Build a Python MRZ Scanner with Passport Portrait and Face Extraction

In this tutorial, you will learn how to build a professional desktop application for reading Machine Readable Zones (MRZ) from passports and ID cards with portrait and document detection capabilities. By the end of this guide, you’ll have a fully functional GUI application built with PySide6 and powered by Dynamsoft Capture Vision SDK.

What you’ll build: A PySide6 desktop application that reads MRZ text from passports and ID cards, extracts the portrait zone, and overlays document boundaries in real time — powered by Dynamsoft Capture Vision SDK.

Key Takeaways

  • Dynamsoft Capture Vision SDK’s IdentityProcessor.find_portrait_zone() locates the passport portrait region by analyzing its spatial relationship to MRZ text lines — no manual coordinate logic needed.
  • A single CaptureVisionRouter instance handles document detection, OCR-based MRZ recognition, and portrait extraction in one pass using the "ReadPassportAndId" template.
  • The intermediate result pipeline (IntermediateResultReceiver) provides raw access to deskewed images and text line units, enabling accurate portrait zone localization.
  • The finished app runs cross-platform on Windows, Linux, and macOS with real-time camera support and a dark-theme PySide6 UI.

Common Developer Questions

  • How do I extract a portrait photo from a passport using Python?
  • How accurate is Python MRZ scanning with Dynamsoft Capture Vision compared to Tesseract?
  • How do I scan a passport MRZ in real time from a webcam using Python?
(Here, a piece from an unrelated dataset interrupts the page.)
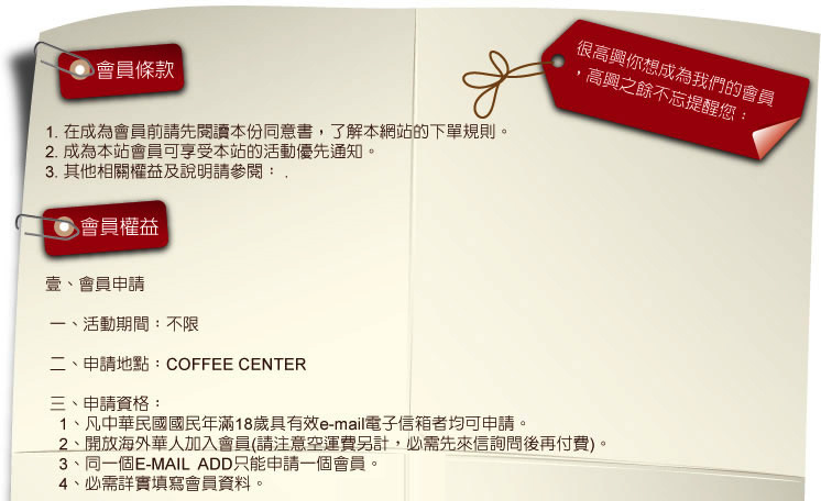 1、您可以選擇在COFFEE CENTER加入一般會員及企業會員,享有購物優惠價。
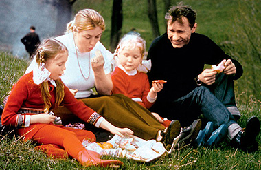 | Василий Макарович с третьей женой актрисой Лидией Федосеевой-Шукшиной и дочерьми Машей (слева) и Олей |

Demo Video: Passport Scanner with Face, MRZ and Document Detection

What You Will Build

A cross-platform desktop passport scanner featuring:

  • Real-time MRZ recognition from passports and ID documents (TD1, TD2, TD3 formats)
  • Portrait/face detection and localization on travel documents
  • Multiple input methods: image files, folders, camera streams, drag-and-drop, clipboard paste
  • Visual overlays showing document boundaries, MRZ locations, and detected portraits
  • Parsed data display with structured extraction of personal information
  • Export functionality for normalized document images

Why Dynamsoft Capture Vision SDK Handles MRZ and Portrait in One Pass

Dynamsoft Capture Vision SDK provides a comprehensive solution for document processing with these key advantages:

  • All-in-one document processing: Combines document detection, MRZ recognition, and portrait extraction in a single SDK
  • High accuracy: Advanced OCR engines optimized for machine-readable zones
  • Intermediate results access: Fine-grained control over the processing pipeline
  • Cross-platform support: Windows, Linux, and macOS compatibility
  • Production-ready: Trusted by enterprises for identity verification systems

Prerequisites

Before starting, ensure you have:

  • Python 3.9 or higher installed
  • A webcam (optional, for camera capture functionality)
  • Sample passport or ID card images for testing

Getting Your Trial License

Get a 30-day free trial license for Dynamsoft Capture Vision Suite — no credit card required, full feature access for 30 days.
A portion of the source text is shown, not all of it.